Friends have saved 15 lives with suicide help group in Limerick
By Laura Lynott @Ly211
A WOMAN who was suicidal and pulled back from the brink – is helping herself and others heal with a team set up with the friend who “saved” her – and together they have saved 15 lives in just four months.
Caitriona McMahon, 31, from Askeaton, Co Limerick set up the Community Crisis Response Team with just “a second hand phone and Facebook account,” with the woman she credits with helping “save my life,” the group’s co-founder, Kayla Cooley.
In just four short months the friends and a group of volunteers have saved 15 lives simply by caring and putting that in to action – calling to homes and even waterways, talking to those in need and getting them professional support.
“We both have personal reasons for doing this,” Caitriona said. “I’ve been suicidal myself in the past and know what it is like to go to the bottom and I found my way back.
“Others can too and that’s what we want to help them start to do.”
Caitriona admits being part of the group has actually acted as continuing “therapy” for her as she helps others overcome their inner demons, just like she did.
“I was very lucky in the support that I got when I was going through this. Kayla was a great help to me and my family.
“She noticed I wasn’t my normal self. She asked me what was going on and took me to the GP. The woman who set this up with me actually saved my life.
“She saw something was wrong. For me it was about having negative thoughts. I felt I was doing things wrong and I was carrying it 24-7. It really wore me down, and I wasn’t sleeping on top of it.”
Caitriona suffered depression and anxiety – a battle she is still fighting with support – and she actually made up her mind she would take her life in 2012 – but Kayla helped her tell her family and get the support she needed.
Kayla, 24, said: “If it was me in Caitriona’s shoes she’d have done it for me.
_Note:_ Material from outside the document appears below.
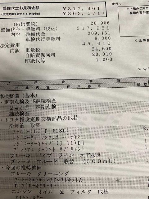 昨日ディラーに行って車検の事前調査で車を持ち込み見積をいただきました。
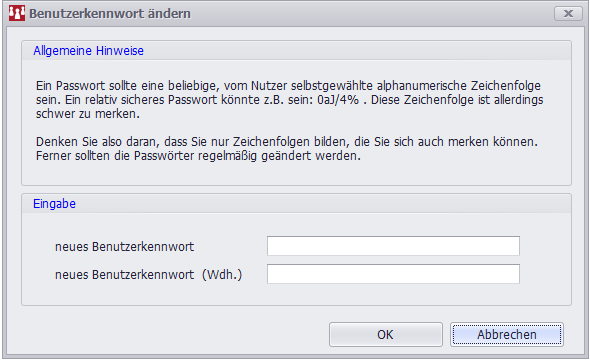 Der aktuell angemeldete Benutzer hat die Möglichkeit sein Benutzerkennwort zu ändern. Um Tippfehler auszuschliessen, muss das neue Passwort 2-Mal korrekt eingeben werden.

“I knew Caitriona had developed depression and I tried my best to be there for her but when it changed to something different, I could see it wasn’t depression anymore – it was really concerning.
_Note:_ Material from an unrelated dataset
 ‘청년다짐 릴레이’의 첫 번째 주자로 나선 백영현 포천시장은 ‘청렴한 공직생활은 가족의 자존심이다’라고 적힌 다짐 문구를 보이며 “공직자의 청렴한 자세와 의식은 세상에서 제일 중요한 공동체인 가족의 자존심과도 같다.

“She was angry and isolating herself and didn’t want to talk to anyone, not even me – I finally managed to get her to get help but it wasn’t easy. It came after a few rows.”
Now, because Caitriona has lived through such dark times, she feels “complete empathy” for every person she helps.
The group operates across West Limerick, taking phone calls from 5pm until 6am every day to offer a service when others are not available.
They also run a Facebook page, where they receive messages and a Twitter account. They plan to eventually roll the service out nationally.
The volunteers – trained by the HSE in dealing with those who are suicidal – have even helped people in England and Scotland via Facebook messenger.
Caitriona told how one man got in touch from England “but we didn’t know his address to get him help.”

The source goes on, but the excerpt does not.